Mississippi’s Indigenous American communities were disproportionately affected by the COVID-19 pandemic, with higher rates of infection, hospitalization, and death than patients of other races.

The coronavirus pandemic has highlighted how infectious disease often disproportionately affects racial minority populations. Indigenous Americans, such as American Indian and Native Alaskan persons, are believed to have been hit especially hard by COVID-19.

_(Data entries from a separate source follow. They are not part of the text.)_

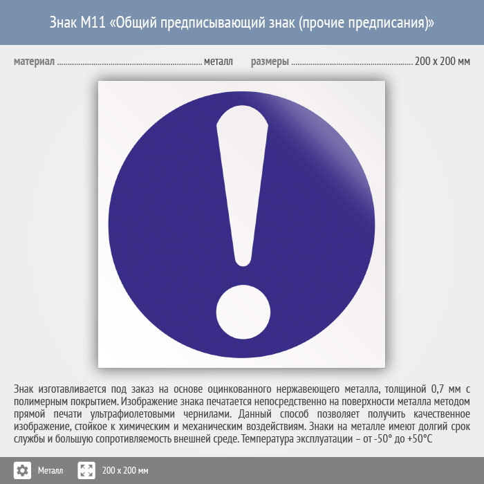 Знак M11 «Общий предписывающий знак (прочие предписания)» (металл, 200х200 мм) в Бердске купить
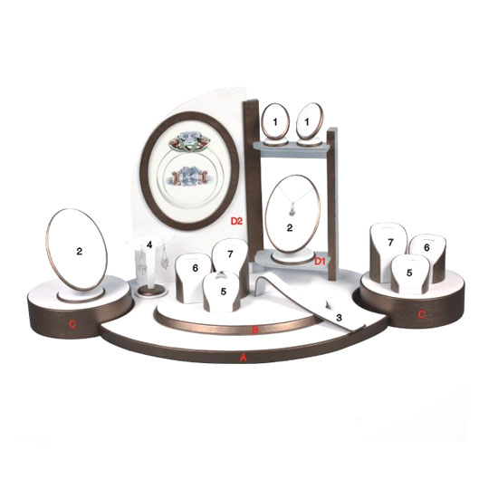 As shown is a jewelry display set with a comprehensive design. This whole set features an elegant white layout with matching bronze trims. This set will project the beauty and glamor of your precious jewelry.
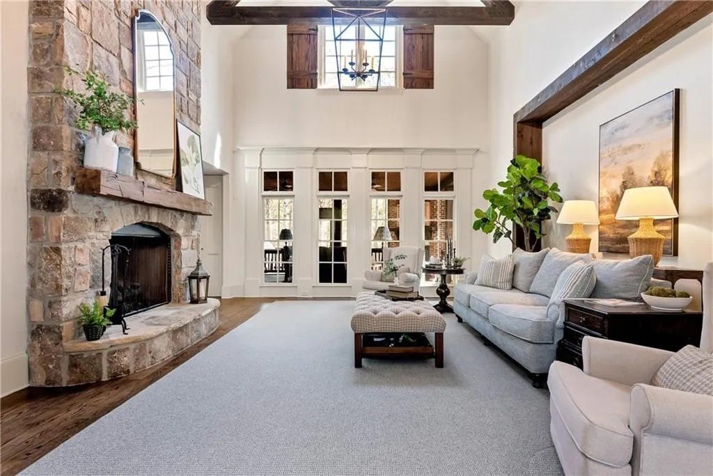 Inside, the home features a very traditional aesthetic, starting with an elegant entryway that leads to a soaring double-height great room, complete with a large stone fireplace and patio doors that open to the backyard.

Mississippi’s only federally recognized American Indian tribe, the Mississippi Band of Choctaw Indians, had COVID-19 infection rates of nearly 10% in the first 6 months of the pandemic. American Indian and Alaska Native persons are fewer than 1% of Mississippi’s population, yet accounted for 4.5% of the state’s COVID-19 deaths.

One study, published in JAMA, specifically compared in-hospital COVID-19 mortality rates of American Indian and Alaska Native patients to other racial groups. The cross-sectional study included 18731 US adults hospitalized with COVID-19 in Mississippi in 2020.

The study authors noted that high COVID-19 mortality rates among American Indian and Alaska Native persons have been commonly attributed the prevalence of comorbidities in these populations. Relatively higher rates of asthma, obesity, diabetes, chronic obstructive pulmonary disease, and heart disease are often found among Indigenous groups. Additionally, the state of Mississippi usually rounds out the bottom of US health rankings, with some of the nation’s highest rates of adult poverty and lowest rates of health insurance. All of these factors combine to complicate the health of the Mississippi Band of Choctaw Indians.

The investigators utilized retrospective hospital discharge data from Mississippi’s Inpatient Outpatient Data System. Included adults (18 years and older) were Mississippians with a disclosed racial identity who were hospitalized with COVID-19 in any of the state’s 103 hospitals from March 1-December 31, 2020.

The average age of the 18731 hospitalized adults was 66 years, and 54.0% were female. Broken down by race, 1.2% of Mississippi’s COVID-19 patients were American Indian and Alaska Native, 49.1% were Black, and 48.7% were White.

Indigenous COVID-19 patients had the longest COVID-19 hospital admission times of all other races. The odds of in-hospital mortality were 77% lower for White patients and 75% lower for Black COVID-19 patients than for American Indian and Alaska Native patients.

Notably, Mississippi’s American Indian and Native Alaskan in-patients averaged younger than patients of all other races when admitted to the hospital and were younger than other races who died in the hospital. These finding were consistent with morality data from other states, such as Alaska, Arizona, and New Mexico, all of which reported COVID-19 deaths among Indigenous persons at rates comparable to White people 20-30 years older.

American Indian and Native Alaskan COVID-19 patients had a lower average comorbidity risk score relative to all other COVID-19 patients. Despite associations between reduced comorbidity risk scores and reduced inpatient mortality, Indigenous Mississippians were still significantly more likely than patients of all other races to die in the hospital.

The investigators strongly recommended further study into the disparately high in-hospital mortality rates of Indigenous communities. “This reality has devastating repercussions on Indigenous populations who have already seen tremendous loss among tribal elders,” the study authors wrote. “Each death signifies not only the loss of life, but also the loss of tribal culture, tradition, and language.”